Single-Leg Romanian Dead Lift
- A) Stand holding a barbell in front of you on your right hand, putting your weight in your right foot. Lean forward 15 degrees or so.
- B) Keeping a small bend in your right knee, your back flat and your chest out, lift your left leg straight out behind you as you reduce your body over your right leg. Slide the dumbbell to about mid-shin down your quad and lift your own body back up into an erect posture, keeping your weight onto your right leg. Repeat for 2 to 12 repetitions, then switch hands and legs.
- C) To progress this exercise, stand on a barbell or Bosu with the exact same weight, or stay on the floor and increase your weight.
Eccentric Hamstring Curl (with a partner)
- A) Kneel on a folded towel or a pile of exercise mats with your toes pulled toward your shins. Keep your hands in front of your chest. Your partner sits behind you, facing your spine, pressing down on your legs with his palms.
- B) Keep your core tightup your torso and hips forward so your body forms a straight line from the ears to your knees. As you lower your chest whilst resisting gravity keep this posture. Control the range of motion as far as you can, grab yourself with your hands, then push off the floor in yanking you back up to assist your hamstrings and glutes. (In case you do not have a spouse, you can perform a similar workout on a hamstring washing machine)
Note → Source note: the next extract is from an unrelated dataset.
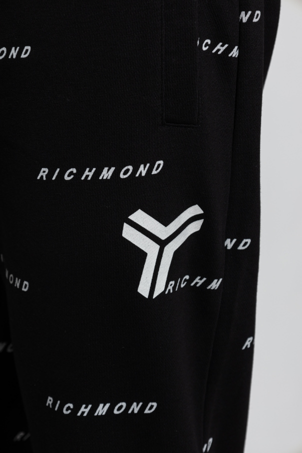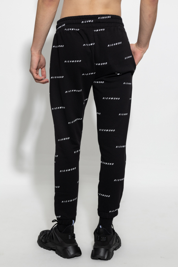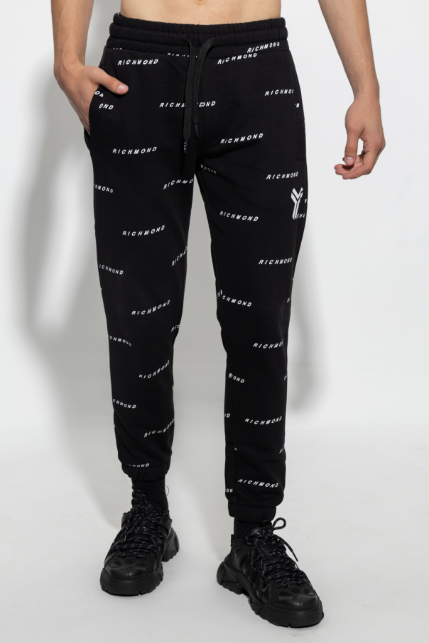 Black sweatpants from John Richmond. Made from cotton, this pair features a white graphic print with the brand\'s logo, two slip pockets and elasticated cuffs.

The scope of our information is limited to chiropractic and spinal injuries and conditions. To discuss options on the subject matter, please feel free to ask Dr. Jimenez or contact us at 915-850-0900 .
By Dr. Alex Jimenez
Additional Topics: Sports Care
Athletes engage in a series of stretches and exercises on a daily basis in order to prevent damage or injury from their specific sports or physical activities as well as to promote and maintain strength, mobility and flexibility. However, when injuries or conditions occur as a result of an accident or due to repetitive degeneration, getting the proper care and treatment can change an athlete’s ability to return to play as soon as possible and restore their original health.